I think we have to be very clear in the exhibition about the fact that all cultures are mixes, are dirty so to speak (as opposed to the idea of national culture as something pure and uninfluenced), not only the Norwegian one. Otherwise we could get a situation where people could say; "Haha! You don't really have a culture, it is all a mix, nothing is Norwegian! It is not clean like our culture!"

All cultures are dirty, are mixes, are moving and growing. I like the description in "Blanke løgner, skitne sannheter" by Stian Bromark and Dag Herbjørnsrud. Loosely translated they write: "In the large perspective we are all immigrants. Nations and land areas are like circular tube lines: an eternal stream of people embarking and disembarking throughout history through thousands of years."

Plan for week 41

Every week

Keep the blog updated


Work

  • Evaluation of Havlandet - process. Send to Linda. (monday)
  • Evaluation of Havlandet - the exhibition. Finish first draft. (monday)
Meetings
  • Department of Design - Petter - monday

Summing up Week 40
  • Evaluation of Havlandet - process. Send to Linda.
    • worked on it, will send it today
  • Evaluation of Havlandet - the exhibition. Finish first draft.
    • will be finished Monday October 8th

Friday, 28 September 2007

Supervision with Søren

Through gentle manipulation ;-) Søren made me decide to keep the evaluation on the process of Havlandet in the form of a bulletted list rather than in prose. The measuring and reporting fashion of the list makes it feel as if it is made by a machine analysing all the data available judging the different parts of the process against god-given questions.
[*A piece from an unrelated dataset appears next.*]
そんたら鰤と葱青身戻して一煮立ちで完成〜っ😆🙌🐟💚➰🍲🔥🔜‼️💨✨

The evaluation of the exhibition itself will be differeent from that with two parts; "what worked/what was good" and "what didn't work/wasn't good". With visuals ofc, and also with explanations (where relevant and possible).

Thursday, 27 September 2007

What are we doing?



Wednesday there was a full day seminar about research and development at KhiB (Kunsthøgskolen i Bergen). I really enjoyed the discussions, even if they were not so much about research and development as such. The seminar is one of three this autumn and is obligatory for all teaching and researching personnel at KhiB.
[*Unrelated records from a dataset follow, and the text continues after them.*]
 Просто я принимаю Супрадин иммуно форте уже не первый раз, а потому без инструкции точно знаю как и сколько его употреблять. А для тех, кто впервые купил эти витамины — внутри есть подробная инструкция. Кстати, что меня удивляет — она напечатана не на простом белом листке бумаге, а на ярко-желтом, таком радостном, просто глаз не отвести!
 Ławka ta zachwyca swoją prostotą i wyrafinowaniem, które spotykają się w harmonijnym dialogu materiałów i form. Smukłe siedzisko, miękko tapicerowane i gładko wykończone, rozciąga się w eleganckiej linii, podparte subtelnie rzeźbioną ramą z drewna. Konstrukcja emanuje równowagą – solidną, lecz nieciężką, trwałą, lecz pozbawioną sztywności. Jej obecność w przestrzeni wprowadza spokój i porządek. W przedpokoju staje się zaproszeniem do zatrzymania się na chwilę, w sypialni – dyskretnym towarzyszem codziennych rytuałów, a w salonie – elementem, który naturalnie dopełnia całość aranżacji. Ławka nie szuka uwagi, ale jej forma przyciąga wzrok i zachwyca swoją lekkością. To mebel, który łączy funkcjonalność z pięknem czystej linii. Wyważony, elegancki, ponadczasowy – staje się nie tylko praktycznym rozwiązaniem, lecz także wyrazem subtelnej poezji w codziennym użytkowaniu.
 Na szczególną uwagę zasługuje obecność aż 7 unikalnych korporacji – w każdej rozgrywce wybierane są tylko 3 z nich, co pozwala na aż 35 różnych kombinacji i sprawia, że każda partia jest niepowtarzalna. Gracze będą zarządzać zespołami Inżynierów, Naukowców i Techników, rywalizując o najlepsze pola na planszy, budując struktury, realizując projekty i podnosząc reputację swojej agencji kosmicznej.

We were placed in groups of ten and were presented with two projects, in our case very different ones. Professor Rita Marhaug was presenting a proposal for creating a platform for cooperation in development projects. And Professor Dave Vikøren presented his work with InsideNorway, a project where he works on increasing the reputation of Norwegian furniture design.

For me it was interesting to see that I felt more connected to Rita's project than to the industry of the furniture business. I realise that exhibitions (like all other spacial design projects) are "unika design", not mass produced (Yes it is obvious, but putting this into words put some things in place for me ^^).
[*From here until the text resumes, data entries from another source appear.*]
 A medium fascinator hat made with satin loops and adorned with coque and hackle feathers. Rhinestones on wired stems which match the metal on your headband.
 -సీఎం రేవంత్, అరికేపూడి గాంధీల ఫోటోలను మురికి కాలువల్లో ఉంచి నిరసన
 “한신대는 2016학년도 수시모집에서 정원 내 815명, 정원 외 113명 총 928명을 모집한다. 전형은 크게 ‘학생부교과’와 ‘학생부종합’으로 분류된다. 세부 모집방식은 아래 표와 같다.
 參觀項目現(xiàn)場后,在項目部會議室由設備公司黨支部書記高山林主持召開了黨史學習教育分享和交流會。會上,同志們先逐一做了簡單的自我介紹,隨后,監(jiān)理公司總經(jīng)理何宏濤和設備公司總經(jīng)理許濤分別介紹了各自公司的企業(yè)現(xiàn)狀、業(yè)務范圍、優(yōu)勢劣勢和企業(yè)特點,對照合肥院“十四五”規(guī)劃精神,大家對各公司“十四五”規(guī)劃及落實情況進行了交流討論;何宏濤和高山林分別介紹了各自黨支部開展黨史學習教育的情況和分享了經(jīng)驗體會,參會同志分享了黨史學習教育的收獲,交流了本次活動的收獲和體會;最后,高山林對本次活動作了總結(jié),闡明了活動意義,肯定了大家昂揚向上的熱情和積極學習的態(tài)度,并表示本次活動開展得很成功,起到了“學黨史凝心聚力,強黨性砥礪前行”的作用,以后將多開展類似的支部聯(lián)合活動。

I was pondering what the research part was in Dave's project and what differed it from a branding project in say visual or marketing communication.

In research by design it is the finished product that is the important result, in addition there must be reflections on the process, trials and errors. As the discussion progressed it became clear that Dave's project is twofold; he does design exhibitions for very different settings to display the furnitures. But the other, and I would perhaps say more important, part of the project is to actually design a system for promoting Norwegian furnitures, and give young designers a way into the market. The design of the system is in correspondence with the notion of the designer as an expert in problem solving. An exsample of this is the School of Design at the Carnegie Mellon University in Pittsburgh Pennsylvania. Their focus on design as a problemsolver has given them projects that is not typical for a design school. They have, among other things, re-organized the entire US Postal system and designed a new tax-system for Australia.